In the fast-evolving semiconductor industry, SkyWater Technology, Inc. (SKYT) and CEVA, Inc. (CEVA) stand out with distinct yet overlapping innovation strategies. SkyWater focuses on semiconductor manufacturing and engineering services, while CEVA specializes in licensing advanced wireless and AI processing technologies. This comparison explores their market approaches and growth potential, helping you identify which company aligns best with your investment goals in 2026.

SkyWater Technology vs CEVA: Company Comparison
Table of contents

Companies Overview

I will begin the comparison between SkyWater Technology, Inc. and CEVA, Inc. by providing an overview of these two companies and their main differences.

SkyWater Technology, Inc. Overview

SkyWater Technology, Inc. specializes in semiconductor development and manufacturing services. The company co-creates technologies with customers and provides manufacturing for silicon-based analog and mixed-signal, power discrete, microelectromechanical systems, and rad-hard integrated circuits. It serves diverse industries including aerospace, automotive, bio-health, consumer, and industrial IoT. Founded in 2017, SkyWater is headquartered in Bloomington, Minnesota, with a market cap of approximately 1.58B USD.

CEVA, Inc. Overview

CEVA, Inc. operates as a licensor of wireless connectivity and smart sensing technologies worldwide. It designs and licenses digital signal processors, AI processors, wireless platforms, and software solutions for applications such as 5G, imaging, computer vision, and IoT. Incorporated in 1999 and based in Rockville, Maryland, CEVA supports OEMs and semiconductor companies in various sectors including mobile, automotive, robotics, and aerospace.
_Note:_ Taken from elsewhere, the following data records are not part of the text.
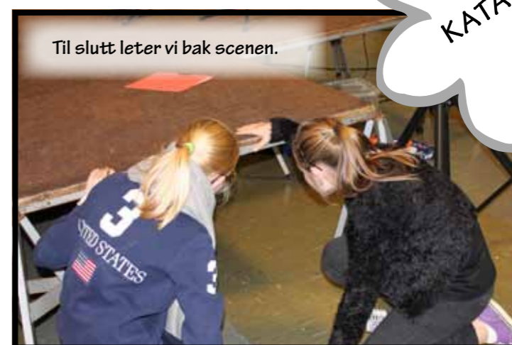
Til slutt leter vi bak scenen.
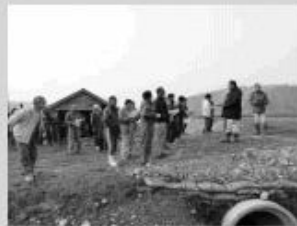
現地での説明のようす

今回の研修で自分たちのほ場を良くするためには、どのような整備をする必要があるのかをイメージできるような研修を行うことができました。
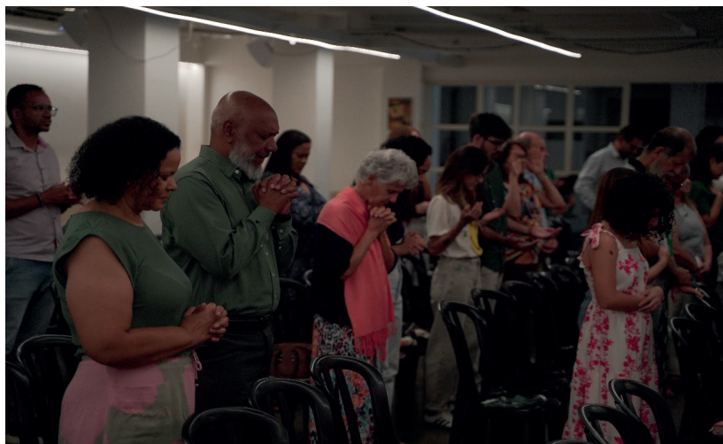
Tempo importante de oração e adoração
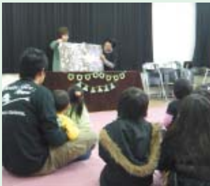
▲大型絵本の読み聞かせの様子

図書館では、毎月第三土曜日に「おはなし子ども会」を開催しています。このおはなし会は「和こども文庫」「おはなしたまご」「おはなしはらっぱ」「くまの子」の4団体に交替で受け持っていただき、影絵・パネルシアター・大型紙芝居等によりお子様はもちろん大人も楽しめる内容となっております。 一度、ボランティアの皆さんのお話しを聞きに来ませんか?
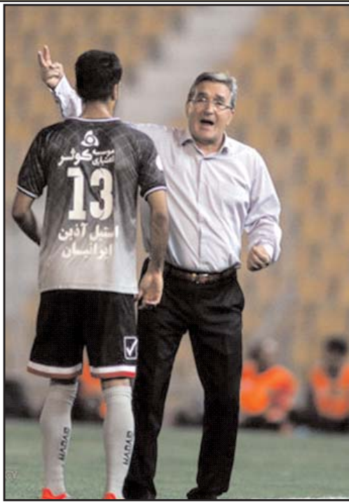
ارزاترین مربی لیگ برتر هفتم / سرمربی تیم فوتبال پرسپولیس که از انتشار مبلغ قراردادش توسط سازمان لیگ دلخور و ناراحت است

با بیان اینکه حتی همسرش هم نمی داند رقم این قرارداد چقدر است گفت: من ارزاترین مربی لیگ هستم. به گزارش خبرنگار مهر، برانکو ایوانکوویچ عصر پنجشنبه و پس از تمرین تیمش به تشریح آخرین وضعیت سرخپوشان برای دیدار دوم برابر فولاد پرداخت و گفت: در بازی دوم باید به مصاف فولاد برویم که مثل شیر زخمی است. آنها در بازی اول شکست خورده اند و چیزی برای از دست دادن ندارند. وی ادامه داد: ما اگر نتوانیم در دیدار دوم برابر فولاد به برتری برسیم برد اول برابر سایپا هم بی اهمیت می شود. بنابراین باید با تمام توان و تمرکز به مصاف این تیم برویم. برانکو در ادامه تأکیدش بر اهمیت دیدار با فولاد خاطرنشان کرد: به خاطر اینکه همه این مسائل را می دانیم فولاد را دست کم نخواهیم گرفت. برای ما مهم نیست که آنها در دیدار برابر ماشین سازی چه فرصت هایی را از دست دادند یا اینکه نتوانستند در دقیق پایانی پنالتی شان را به گل تبدیل کنند. وی افزود: این را می دانیم که یک
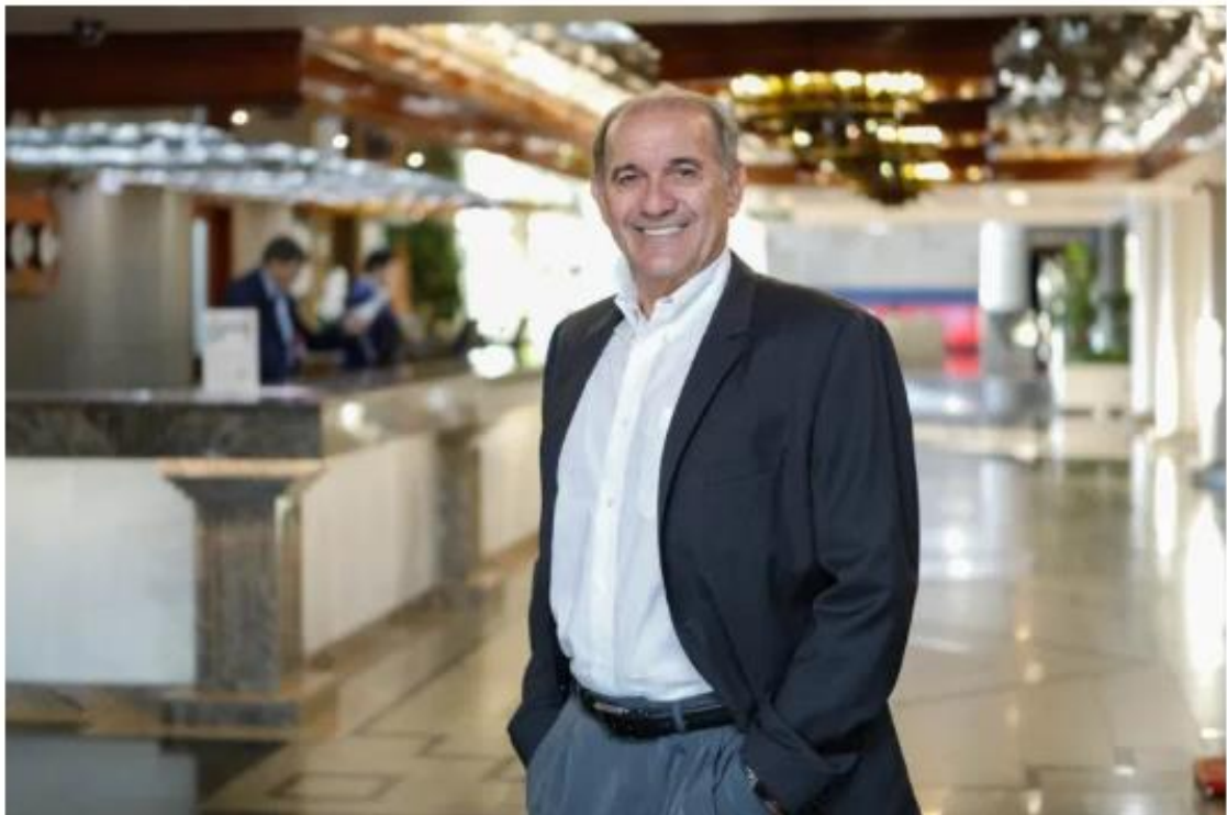
O novo Cidadão Honorário de Foz do Iguaçu.

2 Outubro, 2019 By Vínicius Ferreira — Deixe um comentário

It has a market capitalization near 542M USD.

Key similarities and differences

Both companies operate within the semiconductor industry, focusing on technology innovation and serving diverse global markets. SkyWater emphasizes semiconductor manufacturing and co-development services, while CEVA concentrates on licensing intellectual property and software platforms. SkyWater’s business model involves direct manufacturing services, contrasting with CEVA’s licensing approach, which provides DSP cores and AI processors to chip and device makers.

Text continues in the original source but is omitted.